On Feb. 28, 2017, the Michigan Department of Treasury released a taxpayer notice explaining how to apply its combined tax filing rules in light of the decision by the Michigan Court of Appeals in LaBelle Management Inc v Department of Treasury.  As a result of that decision, Michigan had to narrow its definition of which members of a unitary group of businesses were required to be included in a combined tax return.
Under the unitary business principle, a state may look beyond the activity that occurs within its particular borders to determine the amount of income taxable to that state. This is grounded in the concept that business conducted both within and outside the state may contribute to the economic activity attributable to the state and is the basis for the apportionment of overall income. When that unitary business activity is conducted by multiple entities – at least of one which has nexus with the state and that are sufficiently related – the state may require those members of the unitary business to file a combined return. Thirty-one states, including Michigan, have either elective or mandatory provisions for combined tax reporting. 
Although the U.S. Supreme Court has established certain factors that indicate when a unitary business relationship exists among separate businesses, this is ultimately a factual determination and the definitions and interpretations may vary by state. In general, a group of businesses is unitary when it has common ownership (the level of which may vary by state) and there is a flow of value among the group, which may be evidenced by certain factors such as centralized management, functional integration and economies of scale.
Michigan defines a unitary business group as a group of U.S. persons 1) where one member owns or controls, directly or indirectly, more than 50 percent of the voting rights of the other members and 2) that has activities which result in a flow of value among the members or has activities that are integrated with, dependent upon or contribute to each other.  The issue in LaBelle was whether “indirect” ownership under this definition should also include attributional or constructive ownership pursuant to Internal Revenue Code section 318. Attributional ownership means treating a person as owning stock that is owned by certain relatives or by entities in which the person has an interest. For example, in the case where two corporations are each owned 51 percent directly by an individual, those corporations are deemed to own each other by 51 percent under attributional or constructive ownership rules.
In LaBelle, the Michigan Court of Appeals held that “indirect” ownership merely means ownership through an intermediate entity and does not include attributional or constructive ownership. As a result, unitary business groups containing brother-sister corporations (where there is no common control apart from the attribution of stock ownership) will need to re-evaluate their combined Michigan tax filings. Pursuant to the notice, the state has instructed taxpayers to amend all affected tax returns that remain open under the four-year limitation period.  All affected returns, whether original or amended, should be identified as a “Labelle” return, and members may provide instructions designating overpayments to other former members who may now be required to file separately. No penalties will be imposed on any “Labelle” returns (whether an amended unitary group return or an original unitary group or stand-alone return) if additional tax is due. Further, all interest will be waived so long as the amendments are made by Dec. 31, 2017.
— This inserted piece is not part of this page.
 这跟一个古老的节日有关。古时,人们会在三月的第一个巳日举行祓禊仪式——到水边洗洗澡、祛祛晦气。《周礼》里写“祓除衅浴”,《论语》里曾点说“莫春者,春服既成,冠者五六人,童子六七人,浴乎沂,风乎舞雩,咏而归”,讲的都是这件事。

Although combined reporting for unitary business groups adds a layer of complexity to state income tax filings, combined filing does not necessarily mean that a taxpayer will owe more state tax. In some situations, it allows the losses of certain members to offset the profits of another. Aprio’s SALT group has experience in navigating the complex state income tax combined filing rules and can advise on tax planning opportunities for states where elections can be made with regard to combined filing and combined group participation. We constantly monitor these and other important state tax issues, and we will include any significant developments in future issues of the Aprio SALT Newsletter.
Contact Jeff Glickman, partner-in-charge of Aprio’s SALT practice, at firstname.lastname@example.org for more information.
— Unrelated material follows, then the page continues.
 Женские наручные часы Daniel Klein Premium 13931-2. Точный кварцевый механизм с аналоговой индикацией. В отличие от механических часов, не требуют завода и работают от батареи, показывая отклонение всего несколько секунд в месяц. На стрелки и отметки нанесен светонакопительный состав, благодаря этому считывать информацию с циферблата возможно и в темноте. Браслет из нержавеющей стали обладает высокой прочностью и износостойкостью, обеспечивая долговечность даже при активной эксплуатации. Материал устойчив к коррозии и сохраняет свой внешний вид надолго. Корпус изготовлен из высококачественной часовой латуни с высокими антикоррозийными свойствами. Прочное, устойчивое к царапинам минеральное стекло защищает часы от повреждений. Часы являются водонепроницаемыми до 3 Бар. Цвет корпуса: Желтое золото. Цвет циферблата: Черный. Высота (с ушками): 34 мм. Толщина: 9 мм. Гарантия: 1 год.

This article was featured in the April 2017 SALT Newsletter. Click here to view the full newsletter.
 Notice to Taxpayers Regarding LaBelle Management Inc v Department of Treasury, 2/28/2017.
 Technically, a combined tax return is a tax return of the entity or entities with nexus in the state where the liability of such entity or entities includes the income and apportionment factors of all of the members of the unitary business group. Thus, the tax liability shown on the return is a liability solely of the member or members of the group that have nexus with the state since the state does not have jurisdiction over the non-nexus members. In other words, combined reporting is really just a methodology for computing tax liability and does not alter which entities are subject to that liability.
 MI Comp. Laws Ann. §208.1117(6).
 MI Comp. Laws Ann. §205.27a(2). The statute of limitations for refunds is four years from the date due and the statute of limitations for assessments is four years from the later of the due date or actual date filed.